EXERCISE AIM. All entries below are to be returned exactly, with pictures left out.
----- INPUT MATERIAL
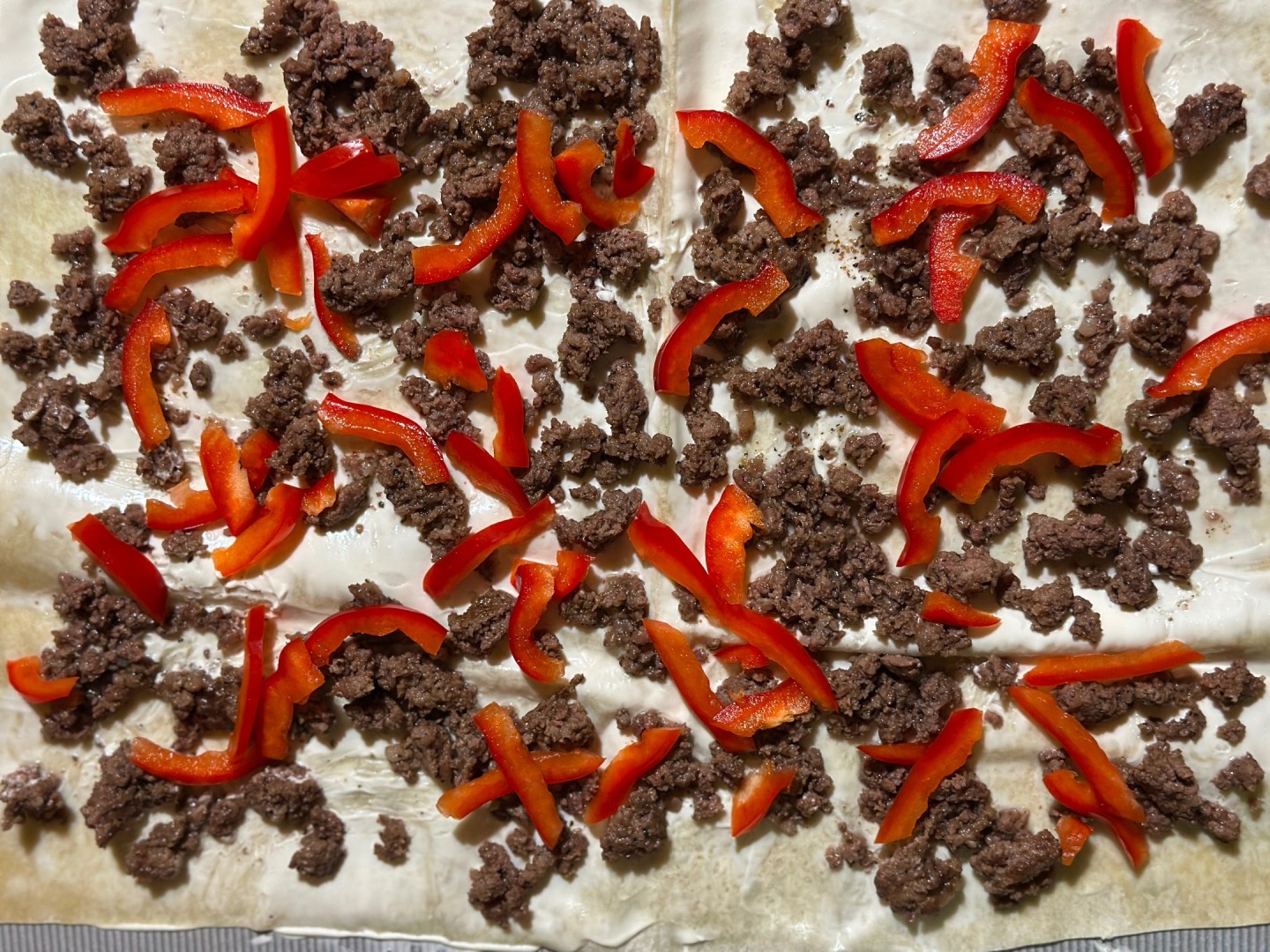Помидоры помойте, удалите плодоножку и нарежьте кольцами. Равномерно распределите по поверхности лаваша начинку из фарша с луком и помидоры.Шаг 7:
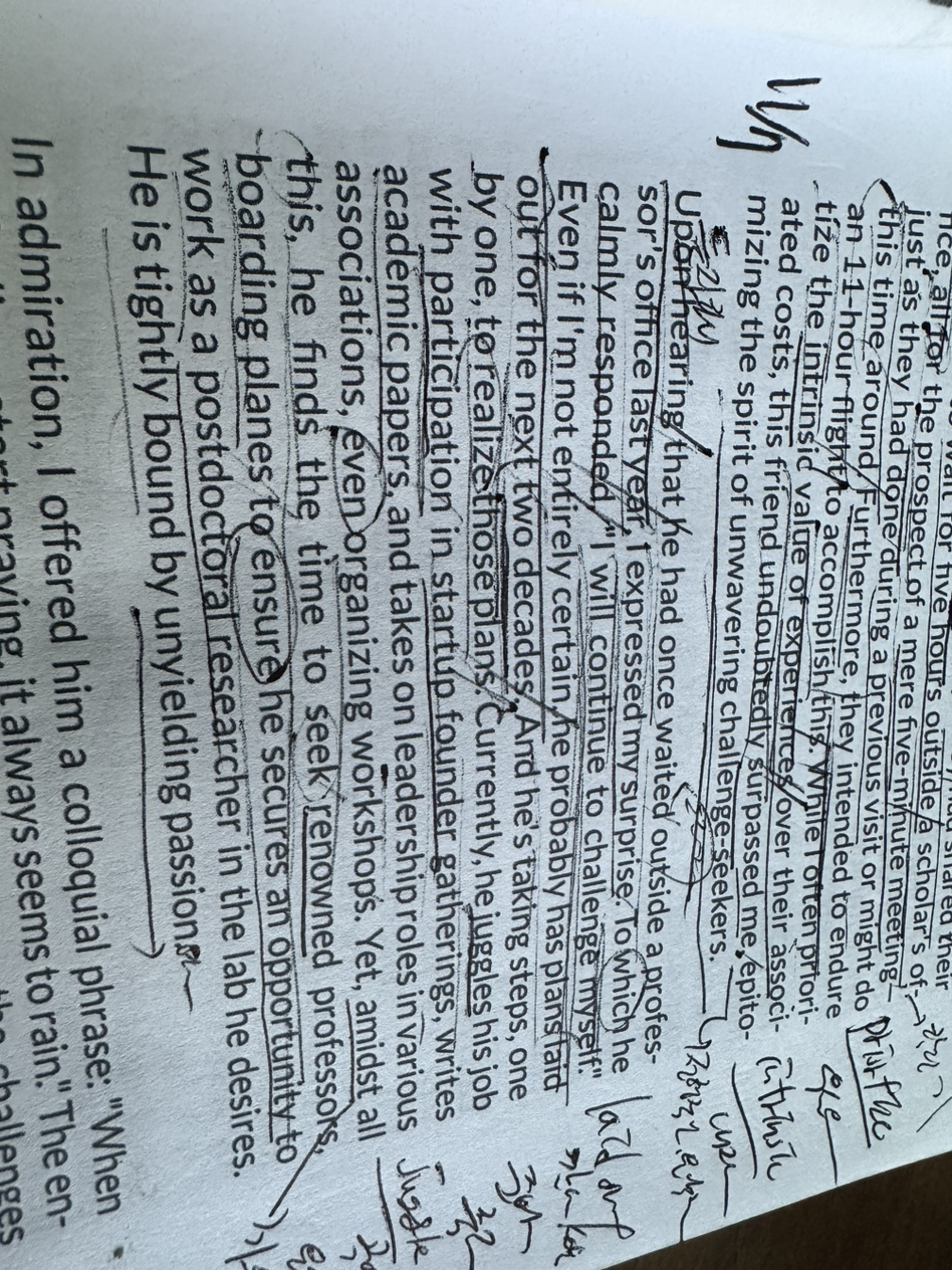 듣자하니, 그는 지난 해 교수의.사무실 앞에서 지키고 선적도 있었다고 했다. 내가 놀라움을 표시하자, 그는 조용히 “스스로 계속 도전하고 싶어서.” 라고 답했다. 비록 내가 정확히는 잘 모르지만, 그는 적어도 향후 이십여년을 위한.계획 정돈 미리 쌓아두었을 거다. 그리고 그는 그 계획들을 실현하기 위해 한발한발 나아가고 있었다.현재 그는 스타트업 개발자 참여 모집, 학위 논문 작성, 다양한 협회에서 지도력있는 역할 수행뿐 아니라 심지어 워크숍 조직까지 하며 곡예 같은 직장 생활을 하고 있다. 그럼에도 불구하고 그는 이 가운데, 유명한 교수를 쫓아, 박사학위를 받고나서 그가 희망하는 연구실에서 연구를 계속하기 위해, 그 기회를 찾아 확신에 차 비행기에도 올랐다. 그는 결코 양보할 수 없는 열정으로 가득 차 튀어오르고 있었다.
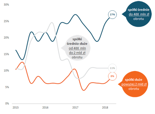 Największej presji podlegają firmy średnie i mniejsze. W tej grupie rośnie odsetek podmiotów, które przynoszą straty. Wśród firm giełdowych, odsetek firm znajdujących się „pod wodą” wzrósł w ostatnich latach z 15% do 27%, mimo bardzo szybkiego wzrostu przeciętnego poziomu zysków. To zjawisko nie jest widoczne wśród firm średnio-dużych i dużych.
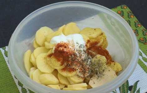 - Aardappels schillen, wassen en in dunne plakjes snijden. Voeg zure room, kruiden en zout toe, roer.
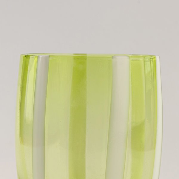 O Copo Gessato da marca italiana Zafferano é uma peça que reflete o equilíbrio entre tradição e modernidade. Criado pelo designer Federico de Majo em 2006, o modelo integra a coleção Gessato, conhecida pelas suas linhas elegantes e refinadas. As listras em pasta de vidro branca, aplicadas sobre o vidro transparente, criam um efeito visual marcante que valoriza a pureza da forma e o brilho do material.
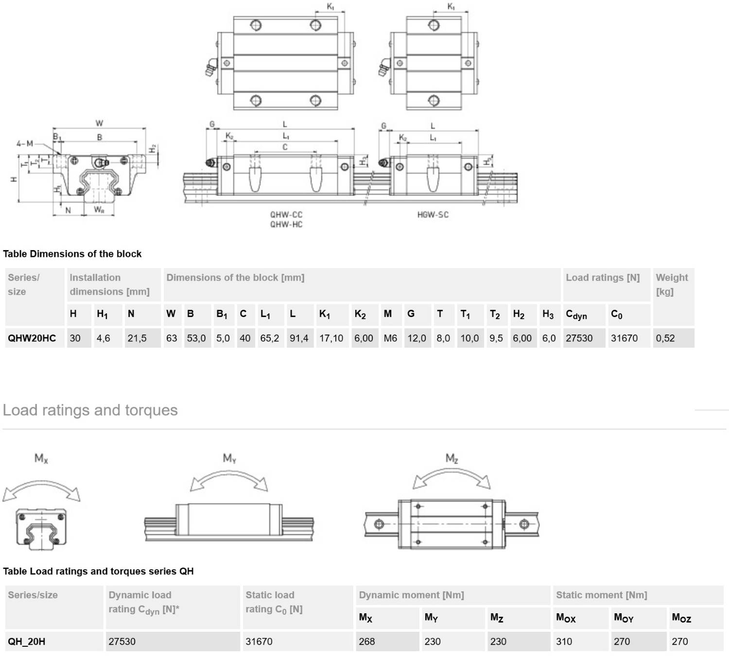 Каретка (также могут использоваться названия "блок системы линейного перемещения", "опорный блок", "направляющий блок", "танкетка", "линейный подшипник", "опорный подшипник" и прочие) HIWIN QHW20HCZAH имеет следующие параметры:
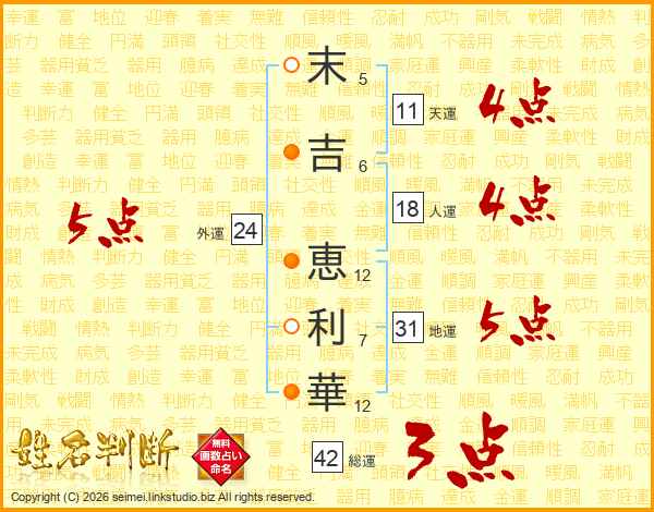 末(5画)吉(6画) 恵(12画)利(7画)華(12画)
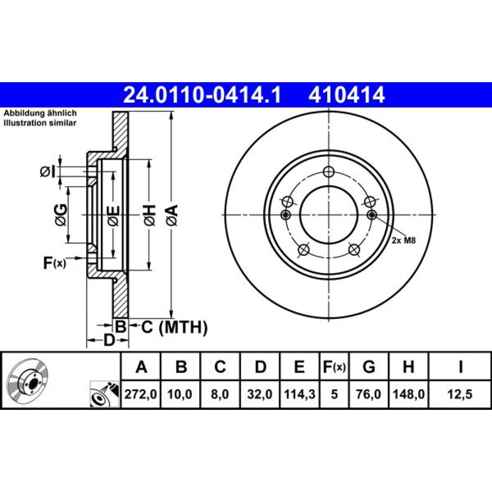 Переваги 24.0110-0414.1 ATE Гальмівний диск
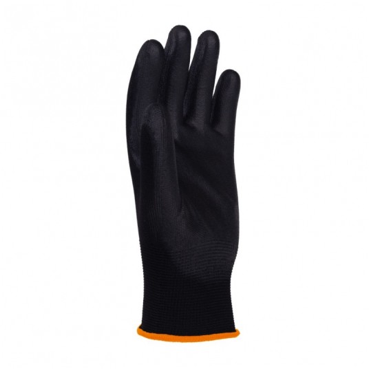 - Rękawice wykonane z dobrej jakości dzianiny poliestrowej w kolorze czarnym, powleczone w części chwytnej czarnym poliuretanem - Przeznaczone do prac montażowych, magazynowych, mechanicznych, elektrotechnicznych, serwisowych, malarskich, remontowych, przemysłowych, ogrodowych oraz zajęć hobbistycznych - Powłoka z czarnego poliuretanu o wysokiej odporności na ścieranie - Zakończone elastycznym ściągaczem - Rękawice ochronne chroniące przed uszkodzeniami mechanicznymi - Kat: II - Zgodność z normami EN 388:2016+A1:2018 (4131X), EN ISO 21420:2020 - Ścieg: 13g - Materiały: poliester/poliuretan - Kolor: czarny - Rozmiar: 7
----------
RESULT BELOW.
Помидоры помойте, удалите плодоножку и нарежьте кольцами. Равномерно распределите по поверхности лаваша начинку из фарша с луком и помидоры.Шаг 7:
 듣자하니, 그는 지난 해 교수의.사무실 앞에서 지키고 선적도 있었다고 했다. 내가 놀라움을 표시하자, 그는 조용히 “스스로 계속 도전하고 싶어서.” 라고 답했다. 비록 내가 정확히는 잘 모르지만, 그는 적어도 향후 이십여년을 위한.계획 정돈 미리 쌓아두었을 거다. 그리고 그는 그 계획들을 실현하기 위해 한발한발 나아가고 있었다.현재 그는 스타트업 개발자 참여 모집, 학위 논문 작성, 다양한 협회에서 지도력있는 역할 수행뿐 아니라 심지어 워크숍 조직까지 하며 곡예 같은 직장 생활을 하고 있다. 그럼에도 불구하고 그는 이 가운데, 유명한 교수를 쫓아, 박사학위를 받고나서 그가 희망하는 연구실에서 연구를 계속하기 위해, 그 기회를 찾아 확신에 차 비행기에도 올랐다. 그는 결코 양보할 수 없는 열정으로 가득 차 튀어오르고 있었다.
 Największej presji podlegają firmy średnie i mniejsze. W tej grupie rośnie odsetek podmiotów, które przynoszą straty. Wśród firm giełdowych, odsetek firm znajdujących się „pod wodą” wzrósł w ostatnich latach z 15% do 27%, mimo bardzo szybkiego wzrostu przeciętnego poziomu zysków. To zjawisko nie jest widoczne wśród firm średnio-dużych i dużych.
 - Aardappels schillen, wassen en in dunne plakjes snijden. Voeg zure room, kruiden en zout toe, roer.
 O Copo Gessato da marca italiana Zafferano é uma peça que reflete o equilíbrio entre tradição e modernidade. Criado pelo designer Federico de Majo em 2006, o modelo integra a coleção Gessato, conhecida pelas suas linhas elegantes e refinadas. As listras em pasta de vidro branca, aplicadas sobre o vidro transparente, criam um efeito visual marcante que valoriza a pureza da forma e o brilho do material.
 Каретка (также могут использоваться названия "блок системы линейного перемещения", "опорный блок", "направляющий блок", "танкетка", "линейный подшипник", "опорный подшипник" и прочие) HIWIN QHW20HCZAH имеет следующие параметры:
 末(5画)吉(6画) 恵(12画)利(7画)華(12画)
 Переваги 24.0110-0414.1 ATE Гальмівний диск
 - Rękawice wykonane z dobrej jakości dzianiny poliestrowej w kolorze czarnym, powleczone w części chwytnej czarnym poliuretanem - Przeznaczone do prac montażowych, magazynowych, mechanicznych, elektrotechnicznych, serwisowych, malarskich, remontowych, przemysłowych, ogrodowych oraz zajęć hobbistycznych - Powłoka z czarnego poliuretanu o wysokiej odporności na ścieranie - Zakończone elastycznym ściągaczem - Rękawice ochronne chroniące przed uszkodzeniami mechanicznymi - Kat: II - Zgodność z normami EN 388:2016+A1:2018 (4131X), EN ISO 21420:2020 - Ścieg: 13g - Materiały: poliester/poliuretan - Kolor: czarny - Rozmiar: 7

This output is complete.